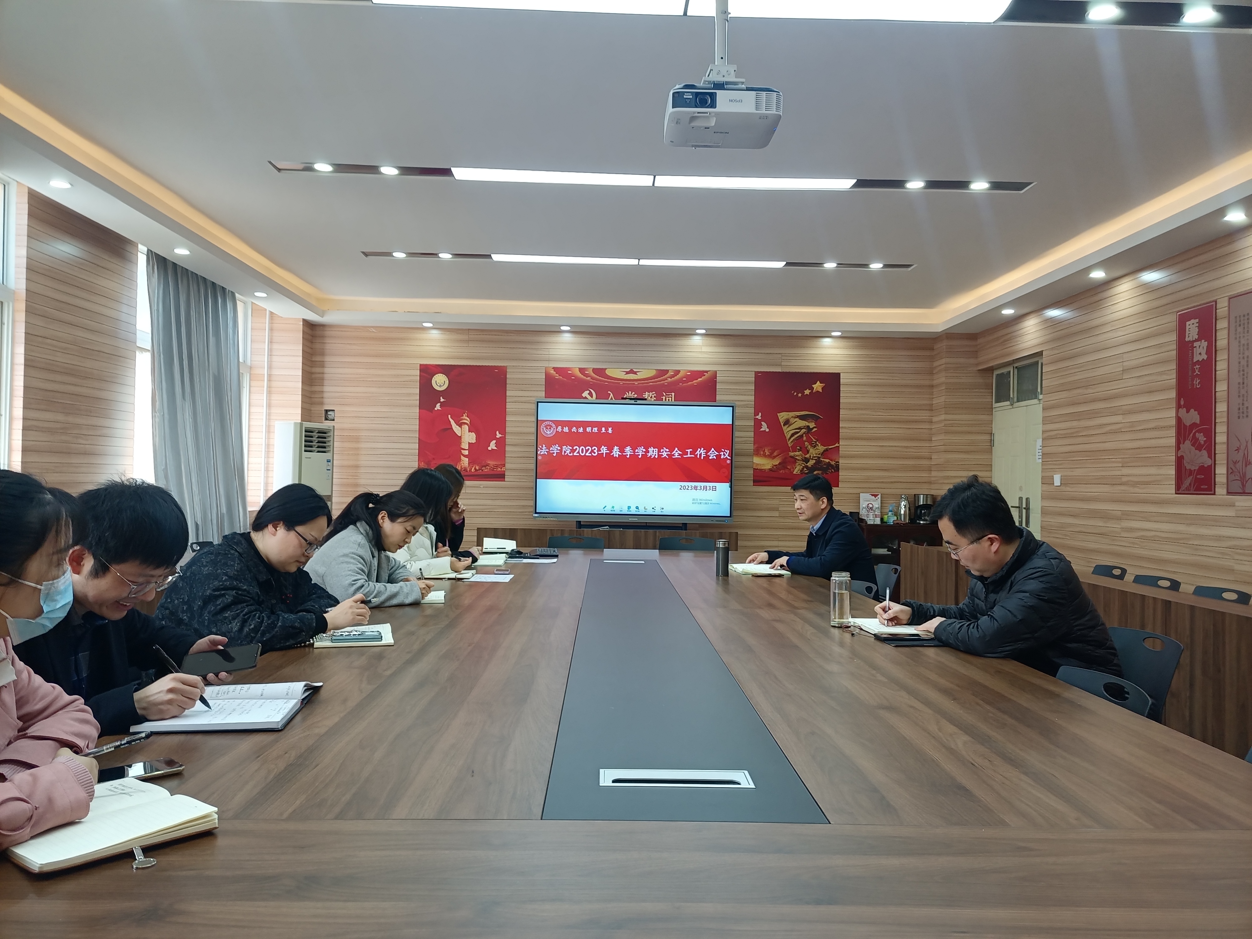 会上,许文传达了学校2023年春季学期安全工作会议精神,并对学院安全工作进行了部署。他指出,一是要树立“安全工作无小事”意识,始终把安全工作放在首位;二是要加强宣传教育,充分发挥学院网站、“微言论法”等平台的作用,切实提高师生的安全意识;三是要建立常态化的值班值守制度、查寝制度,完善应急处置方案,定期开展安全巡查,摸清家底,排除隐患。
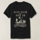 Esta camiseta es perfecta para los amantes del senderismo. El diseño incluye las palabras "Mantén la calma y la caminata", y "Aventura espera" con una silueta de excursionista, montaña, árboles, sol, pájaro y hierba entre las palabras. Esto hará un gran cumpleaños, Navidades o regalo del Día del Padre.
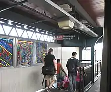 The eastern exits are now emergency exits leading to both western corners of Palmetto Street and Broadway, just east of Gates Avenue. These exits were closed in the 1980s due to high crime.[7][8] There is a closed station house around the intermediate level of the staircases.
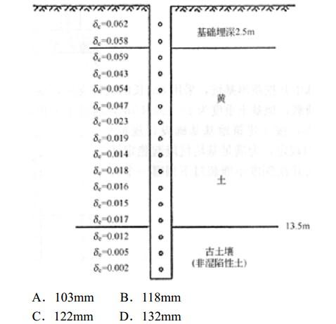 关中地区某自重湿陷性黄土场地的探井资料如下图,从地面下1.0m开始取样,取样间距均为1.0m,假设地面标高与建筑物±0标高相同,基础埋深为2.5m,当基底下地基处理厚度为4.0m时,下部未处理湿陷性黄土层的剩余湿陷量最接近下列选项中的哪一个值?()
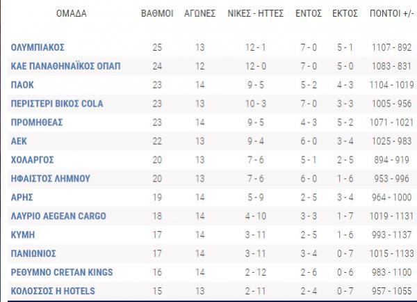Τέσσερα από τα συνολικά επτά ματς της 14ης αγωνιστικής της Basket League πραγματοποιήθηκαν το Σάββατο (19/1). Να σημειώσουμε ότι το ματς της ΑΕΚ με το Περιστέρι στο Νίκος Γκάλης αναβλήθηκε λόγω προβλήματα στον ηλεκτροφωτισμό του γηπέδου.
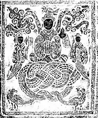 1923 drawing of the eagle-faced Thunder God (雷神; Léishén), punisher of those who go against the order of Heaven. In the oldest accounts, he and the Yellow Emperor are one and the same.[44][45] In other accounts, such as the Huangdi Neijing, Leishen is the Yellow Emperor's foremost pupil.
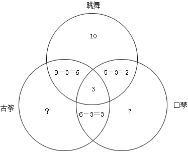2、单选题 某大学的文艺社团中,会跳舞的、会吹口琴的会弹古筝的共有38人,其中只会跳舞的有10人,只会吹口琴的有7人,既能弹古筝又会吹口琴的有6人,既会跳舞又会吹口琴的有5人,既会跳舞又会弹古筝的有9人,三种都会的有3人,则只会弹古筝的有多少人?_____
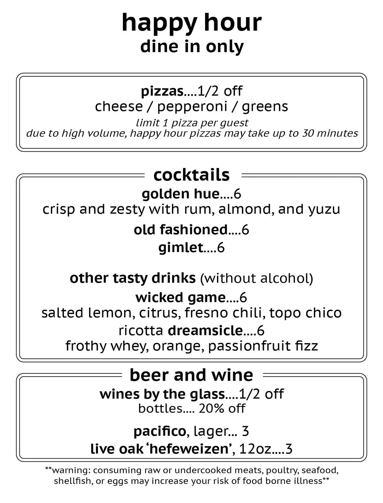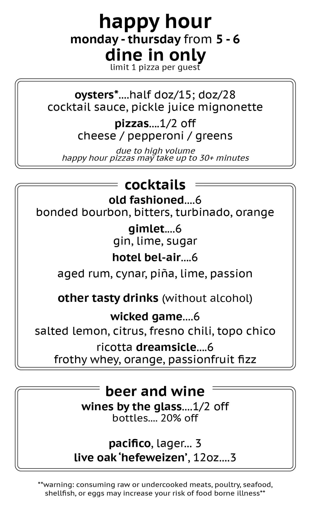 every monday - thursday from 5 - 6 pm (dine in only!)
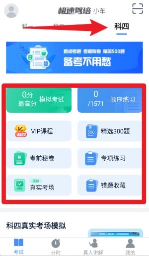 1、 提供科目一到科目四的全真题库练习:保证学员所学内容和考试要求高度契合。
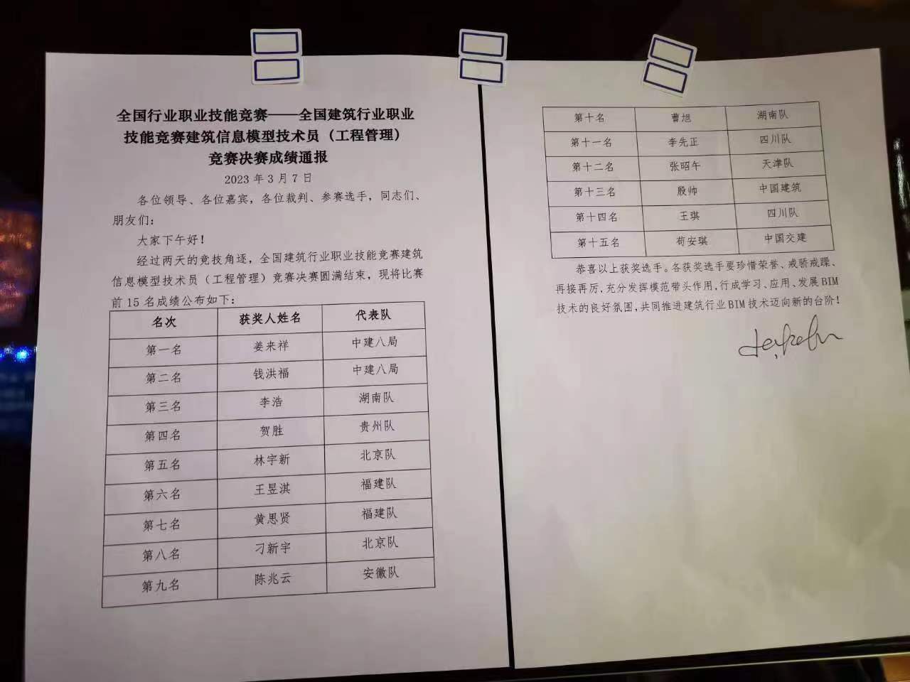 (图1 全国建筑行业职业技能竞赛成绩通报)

- - -

EXERCISE OBJECTIVE. Pictures do not belong in the copy. Please reproduce the entries above exactly otherwise.

EXERCISE RESULT.
 会上,许文传达了学校2023年春季学期安全工作会议精神,并对学院安全工作进行了部署。他指出,一是要树立“安全工作无小事”意识,始终把安全工作放在首位;二是要加强宣传教育,充分发挥学院网站、“微言论法”等平台的作用,切实提高师生的安全意识;三是要建立常态化的值班值守制度、查寝制度,完善应急处置方案,定期开展安全巡查,摸清家底,排除隐患。
 Esta camiseta es perfecta para los amantes del senderismo. El diseño incluye las palabras "Mantén la calma y la caminata", y "Aventura espera" con una silueta de excursionista, montaña, árboles, sol, pájaro y hierba entre las palabras. Esto hará un gran cumpleaños, Navidades o regalo del Día del Padre.
 The eastern exits are now emergency exits leading to both western corners of Palmetto Street and Broadway, just east of Gates Avenue. These exits were closed in the 1980s due to high crime.[7][8] There is a closed station house around the intermediate level of the staircases.
 关中地区某自重湿陷性黄土场地的探井资料如下图,从地面下1.0m开始取样,取样间距均为1.0m,假设地面标高与建筑物±0标高相同,基础埋深为2.5m,当基底下地基处理厚度为4.0m时,下部未处理湿陷性黄土层的剩余湿陷量最接近下列选项中的哪一个值?()
Τέσσερα από τα συνολικά επτά ματς της 14ης αγωνιστικής της Basket League πραγματοποιήθηκαν το Σάββατο (19/1). Να σημειώσουμε ότι το ματς της ΑΕΚ με το Περιστέρι στο Νίκος Γκάλης αναβλήθηκε λόγω προβλήματα στον ηλεκτροφωτισμό του γηπέδου.
 1923 drawing of the eagle-faced Thunder God (雷神; Léishén), punisher of those who go against the order of Heaven. In the oldest accounts, he and the Yellow Emperor are one and the same.[44][45] In other accounts, such as the Huangdi Neijing, Leishen is the Yellow Emperor's foremost pupil.
2、单选题 某大学的文艺社团中,会跳舞的、会吹口琴的会弹古筝的共有38人,其中只会跳舞的有10人,只会吹口琴的有7人,既能弹古筝又会吹口琴的有6人,既会跳舞又会吹口琴的有5人,既会跳舞又会弹古筝的有9人,三种都会的有3人,则只会弹古筝的有多少人?_____
 every monday - thursday from 5 - 6 pm (dine in only!)
 1、 提供科目一到科目四的全真题库练习:保证学员所学内容和考试要求高度契合。
 (图1 全国建筑行业职业技能竞赛成绩通报)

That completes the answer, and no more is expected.